In 2008, James P. Keener, performing research in mathematics at the University of Utah, published a paper entitled “Invariant Manifold Reductions for Markovian Ion Channel Dynamics.”  He proposed using Markov jump processes to model the transitions in ion channel states [3]. These Markov models had been previously been used in conductance based models to study the dynamics of electrical activity in nerve cells, cardiac cells and muscle cells.

In summary, what Dr. Keener proved was that the classical Hodgkin-Huxley formulations of potassium and sodium channel conductance are exact solutions of Markov models, although there were no means of computing proof at the time. This means that the solutions of the Hodgkin-Huxley equations and the solutions of a full Markov model simulating neuron electrokinetic activity with an 8-state sodium channel and a 4-state potassium channel model (after several milliseconds during which initial transients decay) are exactly the same, even though the first is a system of four differential equations and the latter is a system of 13 differential equations.

There are a lot of pieces to the cognitive neuroscience puzzle.  This is one of many theoretical frameworks to approach the complex subject of brain function.  One of the drawbacks of a computational cognitive approach is that it basically designs the very functionality it tries to explain.  It is still very useful, but limited in what it can ultimately explain. It has also been one of the most successful in dealing with cognitive function precisely because it deals at a higher level modeling a system that uses mathematics and logic with the same tools.  The ultimate goal is that it piques the curiosity of those who are unfamiliar to the subject and share what I’ve learned with those who have acquired an interest.
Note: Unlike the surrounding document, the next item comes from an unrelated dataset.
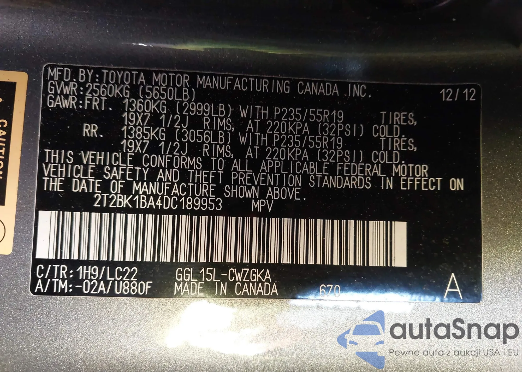 • VIN 5TDEZ3DC5KS216315
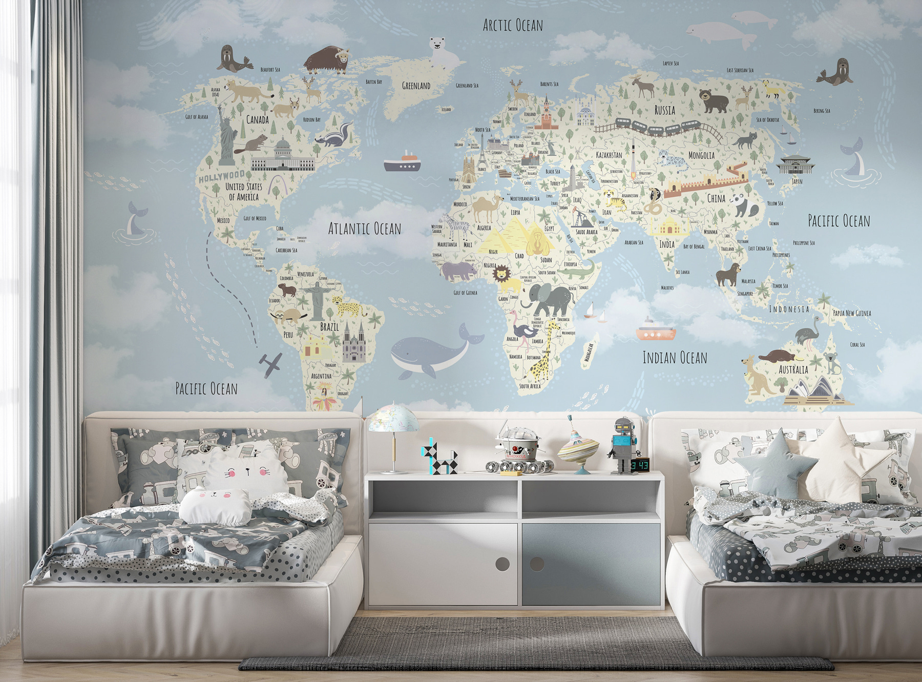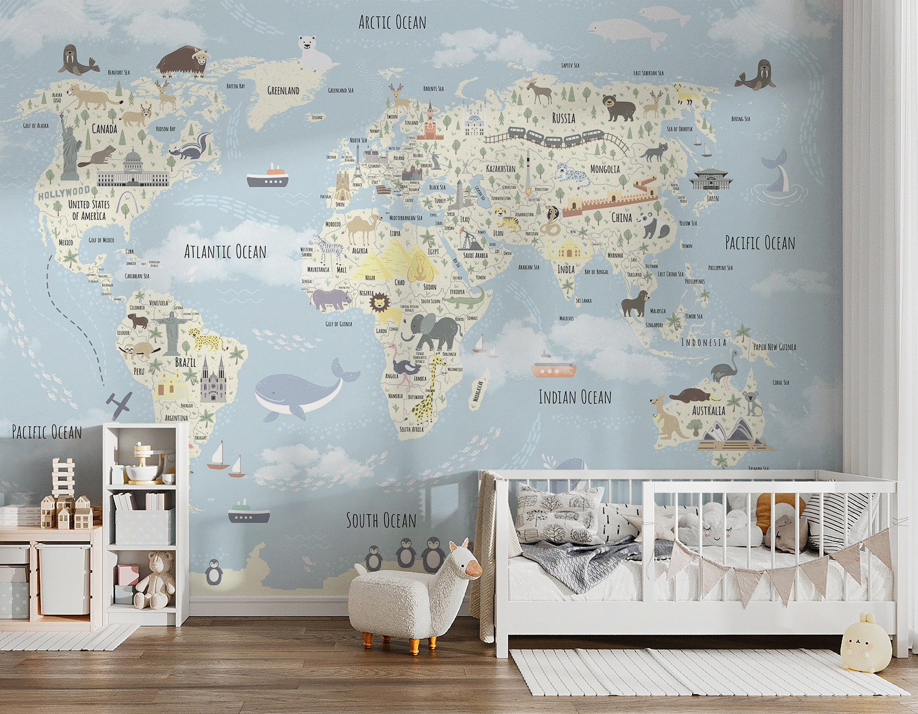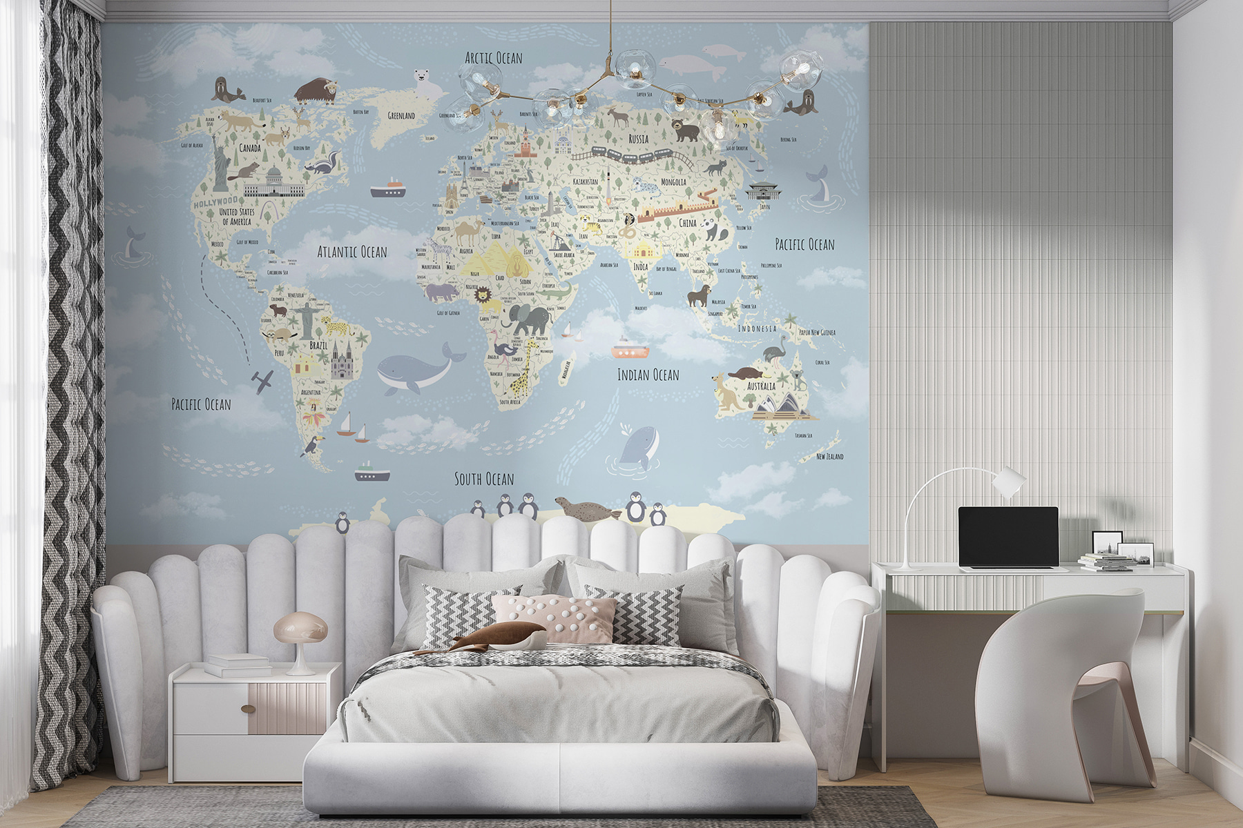 Φανταστείτε αυτή την τοιχογραφία του παγκόσμιου χάρτη στο δωμάτιο του παιδιού σας – είναι σαν να του δίνετε το σύμπαν να εξερευνήσει χωρίς να φύγει από το σπίτι. Κάθε φορά που την κοιτάζουν, θα ταξιδεύουν από την Αλάσκα μέχρι την Αυστραλία. Χαριτωμένη και λεπτομερής, είναι γεμάτη με ζώα, ορόσημα και ωραία κομμάτια που κεντρίζουν την περιέργεια. Οι απαλές παστέλ αποχρώσεις το κάνουν απαλό για τα μάτια, προσθέτοντας μια παιχνιδιάρικη αλλά και ηρεμιστική ατμόσφαιρα. Ιδανικό για τα μικρά παιδιά, είτε είναι λάτρεις της γεωγραφίας είτε απλά ονειροπόλοι. Απλά δείτε τα να φωτίζονται καθώς εντοπίζουν ένα νέο ζώο ή μια νέα χώρα – ταξιδεύοντας τον κόσμο από τον άνετο χώρο τους! Ιδανικό και για παραμύθια – φανταστείτε τις περιπέτειες που θα φανταστούν. Επιπλέον, είναι αρκετά όμορφο ώστε να αποτελεί από μόνο του έργο τέχνης! Πόσο διασκεδαστικό είναι αυτό;

“The larger the island of knowledge, the longer the shoreline of wonder.”

Ralph Washington Sockman (1889 – 1970)

 

References:

 

[1] Goldwyn, J. H., & Shea-Brown, E. (2011). The what and where of adding channel noise to the Hodgkin-Huxley equations. PLoS computational biology7(11), e1002247.
[2] Hodgkin, A. L., & Huxley, A. F. (1952). Propagation of electrical signals along giant nerve fibres. Proceedings of the Royal Society of London. Series B, Biological Sciences140(899), 177-183.
[3] Keener, J. P. (2009). Invariant manifold reductions for Markovian ion channel dynamics. Journal of mathematical biology58(3), 447-457.
[4] O'Reilly, R. C., Munakata, Y., Frank, M. J., & Hazy, T. E. (2012). Computational Cognitive Neuroscience. Wiki Book,.